Publikation
Prepositions in Applications: A Survey and Introduction to the Special Issue
Timothy Baldwin; Valia Kordoni; Aline Villavicencio
In: Robert Dale (Hrsg.). Computational Linguistics (CL), Vol. 35, No. No. 2, Pages 119-149, MIT Press, 2009.
Zusammenfassung
Prepositions - as well as prepositional phrases (PPs) and markers of various sorts -
have a mixed history in computational linguistics (CL), as well as related fields such as
artificial intelligence, information retrieval (IR), and computational psycholinguistics:
On the one hand they have been championed as being vital to precise language understanding
(e.g., in information extraction), and on the other they have been ignored
on the grounds of being syntactically promiscuous and semantically vacuous, and
relegated to the ignominious rank of "stop word" (e.g., in text classification and IR).
Although NLP in general has benefitted from advances in those areas where prepositions
have received attention, there are still many issues to be addressed. For example,
in machine translation, generating a preposition (or "case marker" in languages such
as Japanese) incorrectly in the target language can lead to critical semantic divergences
over the source language string. Equivalently in information retrieval and information
extraction, it would seem desirable to be able to predict that book on NLP and book about
NLP mean largely the same thing, but paranoid about drugs and paranoid on drugs suggest
very different things.
Prepositions are often among the most frequent words in a language. For example,
based on the British National Corpus (BNC; Burnard 2000), four out of the top-ten
most-frequent words in English are prepositions (of, to, in, and for). In terms of both
parsing and generation, therefore, accurate models of preposition usage are essential to
avoid repeatedly making errors. Despite their frequency, however, they are notoriously
difficult to master, even for humans (Chodorow, Tetreault, and Han 2007). For example,
Lindstromberg (2001) estimates that less than 10% of upper-level English as a Second
Language (ESL) students can use and understand prepositions correctly, and Izumi et al.
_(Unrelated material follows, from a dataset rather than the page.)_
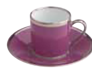
PAIRE TASSE CAFE COFFEE CUP & SAUCER Réf 28 ( 9 cl )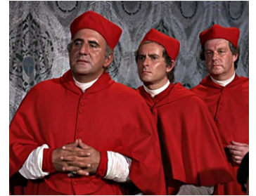
1965 L'EXTASE ET L'AGONIE (The Agony and the Ecstasy) de C. Reed avec Alec McCowen

(2003) reported error rates of English preposition usage by Japanese speakers of up
to 10%.
The purpose of this special issue is to showcase recent research on prepositions
across the spectrumof computational linguistics, focusing on computational syntax and
semantics. More importantly, however, we hope to reignite interest in the systematic
treatment of prepositions in applications. To this end, this article is intended to present
a cross-section view of research on prepositions and their use in NLP applications. We
begin by outlining the syntax of prepositions and its relevance to NLP applications,
focusing on PP attachment and prepositions in multiword expressions (Section 2). Next,
we discuss formal and lexical semantic aspects of prepositions, and again their relevance
to NLP applications (Section 3), and describe instances of applied research where
prepositions have featured prominently (Section 4). Finally,we outline the contributions
of the papers included in this special issue (Section 5) and conclude with a discussion of
research areas relevant to prepositions which we believe are ripe for further exploration
(Section 6).